This project focuses on predicting the prices of second-hand cars using data science techniques and deploying it using Django for the backend and HTML5, Bootstrap5, and CSS for the frontend.
The primary objective of this project is to assist both buyers and sellers in determining a fair market price for second-hand cars. By utilizing machine learning algorithms, potential buyers can make informed decisions when purchasing a used car, while sellers can accurately price their vehicles for sale. The project also includes a user-friendly frontend interface developed using Django, HTML5, Bootstrap5, and CSS.
The dataset used for this project comprises information about various second-hand cars, including features like car model, year of manufacture, mileage, fuel type, transmission type, owner type, and more. It is sourced from reliable sources such as online car marketplaces and classified ads.
Before training the machine learning model, the dataset undergoes preprocessing steps such as handling missing values, encoding categorical variables, scaling numerical features, and addressing outliers. This ensures the data is clean and suitable for training a predictive model.
Several regression algorithms are explored and compared to develop an effective price prediction model. Commonly used regression techniques such as Linear Regression, Decision Tree Regression, Random Forest Regression, and Gradient Boosting Regression are considered. Hyperparameter tuning is performed to optimize the performance of the selected model.
The frontend of the application is developed using Django, HTML5, Bootstrap5, and CSS. The interface provides users with a form where they can input the features of a second-hand car, such as car model, year of manufacture, mileage, fuel type, transmission type, etc. Upon submission, the predicted price is displayed to the user.

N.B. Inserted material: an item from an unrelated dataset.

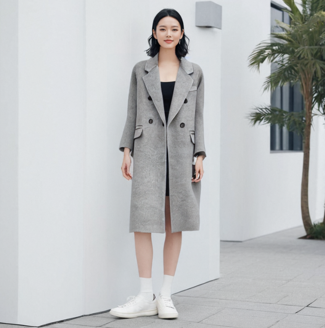 溫碧霞自創IRENENA服裝秋冬新款韓版毛呢外套灰呢子大衣

The project is deployed using Django for the backend and HTML5, Bootstrap5, and CSS for the frontend. It can be accessed through a web browser, allowing users to utilize the price prediction functionality seamlessly.
The Second Hand Car Price Prediction project, with its frontend developed using Django, HTML5, Bootstrap5, and CSS, aims to provide valuable insights into the pricing of used cars, benefiting both buyers and sellers in the automotive market. By employing data science techniques and machine learning algorithms, this project contributes to making the process of buying and selling second-hand cars more transparent and efficient.